Re: [HACKERS] Prepared statements and generic plans

2016-06-06 Thread Albe Laurenz
Bruce Momjian wrote:
> OK, updated version attached.  I added "potential" to the first
> paragraph, and added "estimated cost" to the later part, fixed the
> "cheaper than", and clarified that we add the plan time cost to the
> non-generic plan, which is how it can be cheaper than the generic plan.
> I also moved the "Once a generic plan is chosen" line.
> 
> Yeah, that's a lot of changes, but they all improved the text.  Thanks.

Thanks for working on this.

!Prepared statements can optionally use generic plans rather than
!re-planning with each set of supplied EXECUTE values.
!This occurs immediately for prepared statements with no parameters;
!otherwise it occurs only after five or more executions produce estimated
!plan costs, with planning overhead added, that are, on average, more
!expensive than the generic plan cost.

The following might be easier to understand:
... after five or more executions produce plans whose estimated cost average
(including planning overhead) is more expensive than the generic plan cost 
estimate.

!A generic plan assumes each value supplied to EXECUTE

... assumes *that* each value ...

!is one of the column's distinct values and that column values are
!uniformly distributed.  For example, if statistics records three

Shouldn't it be "record"?
The documentation treats "statistics" as a plural word throughout.

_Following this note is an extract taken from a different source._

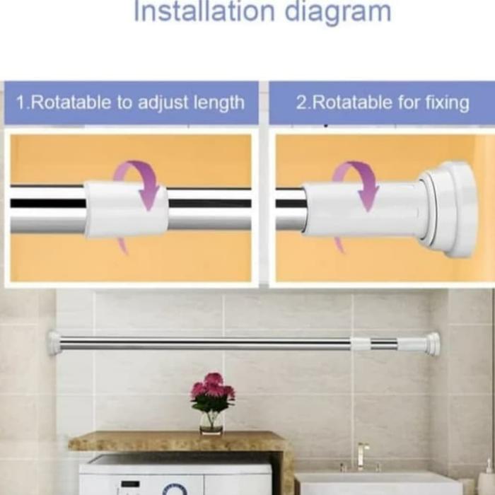Tiang Curtain Tiang Gorden Kamar Mandi Stainless /Tiang Tirai Toilet

!distinct column values, a generic plan assumes a column equality
!comparison will match 33% of processed rows.  Column statistics

... assumes *that* a column equality comparison will match 33% of *the* 
processed rows.

!also allows generic plans to accurately compute the selectivity of

Column statistics also *allow* ...

!unique columns.  Comparisons on non-uniformly-distributed columns and
!specification of non-existent values affects the average plan cost,
!and hence if and when a generic plan is chosen.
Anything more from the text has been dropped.